WHAT THE TASK ASKS: Write out exactly, please, every line from the beginning of the entries to the line holding "โตโยต้า โคโรลล่า ครอส", and no pictures.

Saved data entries
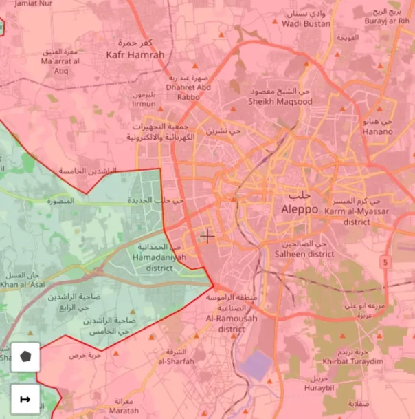 По состоянию на 20:30 мск сообщается, что протурецкие вооружённые формирования, которыми турецкие офицеры и командуют, удерживают кварталы в так называемом Новом Алеппо. Это округа Хамадания и Халаб-аль-Джадида к западу от кольцевой дороги.
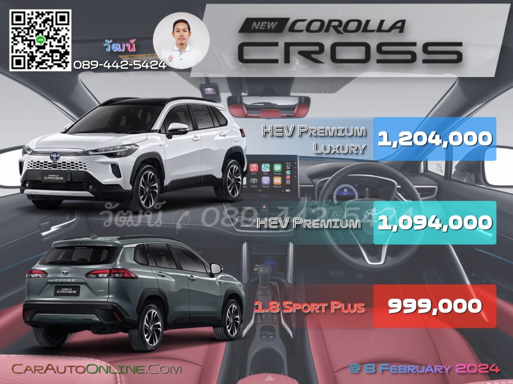 โตโยต้า โคโรลล่า ครอส 2024 ทั้งรุ่นไฮบริด และรุ่นเบนซินล้วน ราคา ณ 8 กุมภาพันธ์ 2567 มีการปรับปรุงดังนี้
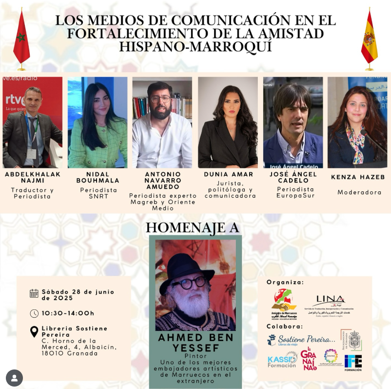 El 28 de junio de 2025, la Asociación Amigos de Marruecos, en colaboración con SL Lina, celebró en la Librería Sostiene Pereira (C. Horno de la Merced, 4, Albaicín, Granada) la I Jornada “Los Medios de Comunicación en el Fortalecimiento de la Amistad Hispano-Marruequí”, un encuentro que reunió a periodistas, comunicadores y especialistas de España y Marruecos para reflexionar sobre el papel de la prensa en la construcción de puentes entre ambas culturas.
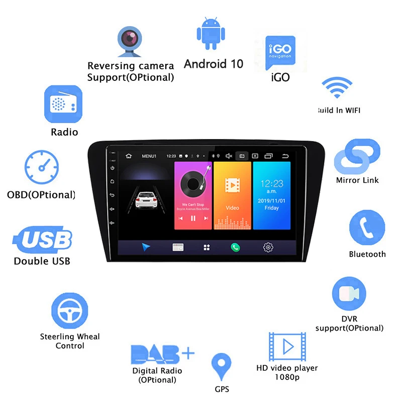 Автомагнитола JOYINCAR, 2 + 32 ГБ, Android 10,0, мультимедийный видеоплеер, GPS-навигация для SKODA Octavia 2013-2018 A7, 2 din
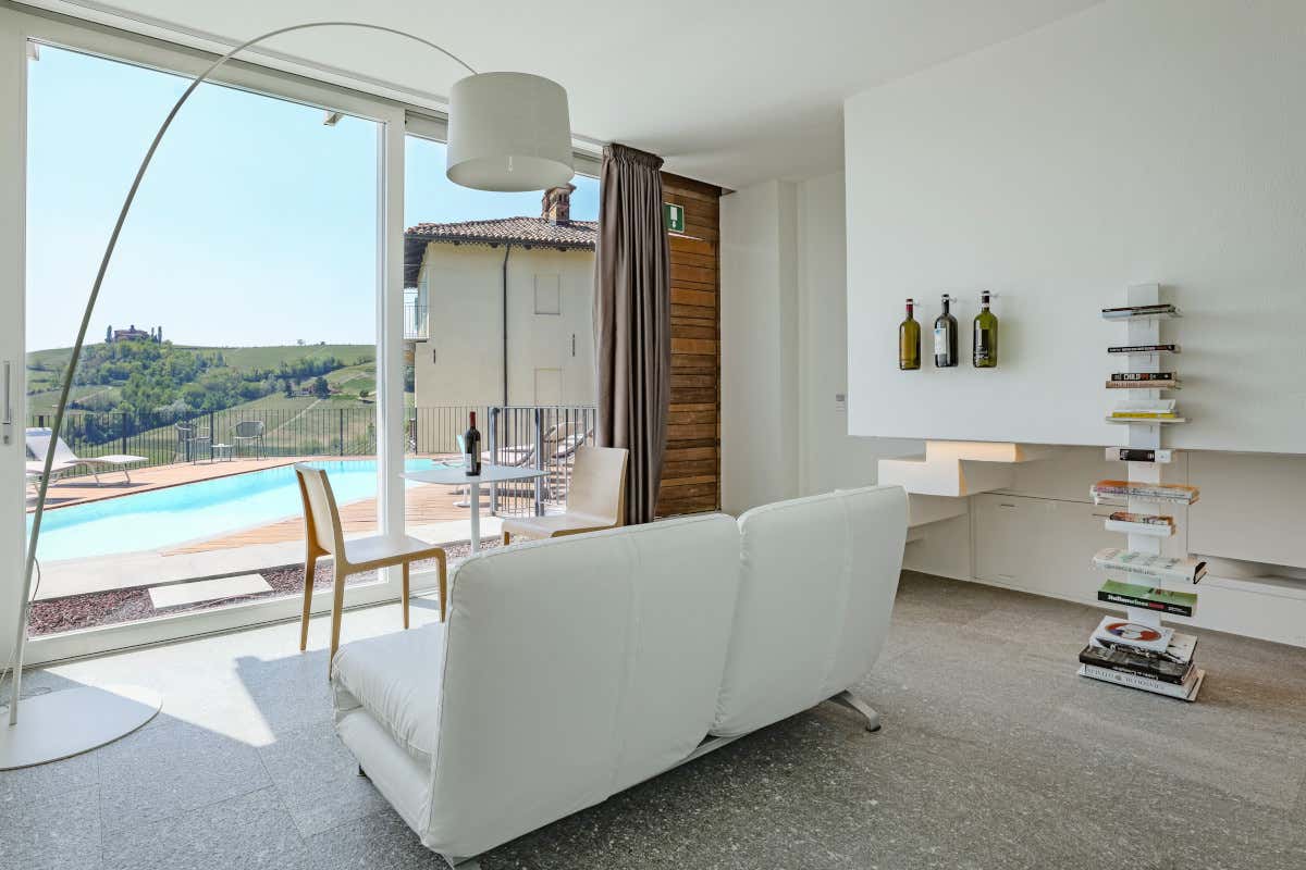 L’ospitalità è a Palás Cerequio, a La Morra (Cn), ideale per un soggiorno immersivo tra i crus di Barolo. Il relais di charme ha undici suite, ognuna dedicata a un cru del Barolo: quattro del passato (nella palazzina del ’700 di stile barocco) e sette del futuro, con grandi vetrate e materiali naturali.

SOLUTION:
 По состоянию на 20:30 мск сообщается, что протурецкие вооружённые формирования, которыми турецкие офицеры и командуют, удерживают кварталы в так называемом Новом Алеппо. Это округа Хамадания и Халаб-аль-Джадида к западу от кольцевой дороги.
 โตโยต้า โคโรลล่า ครอส 2024 ทั้งรุ่นไฮบริด และรุ่นเบนซินล้วน ราคา ณ 8 กุมภาพันธ์ 2567 มีการปรับปรุงดังนี้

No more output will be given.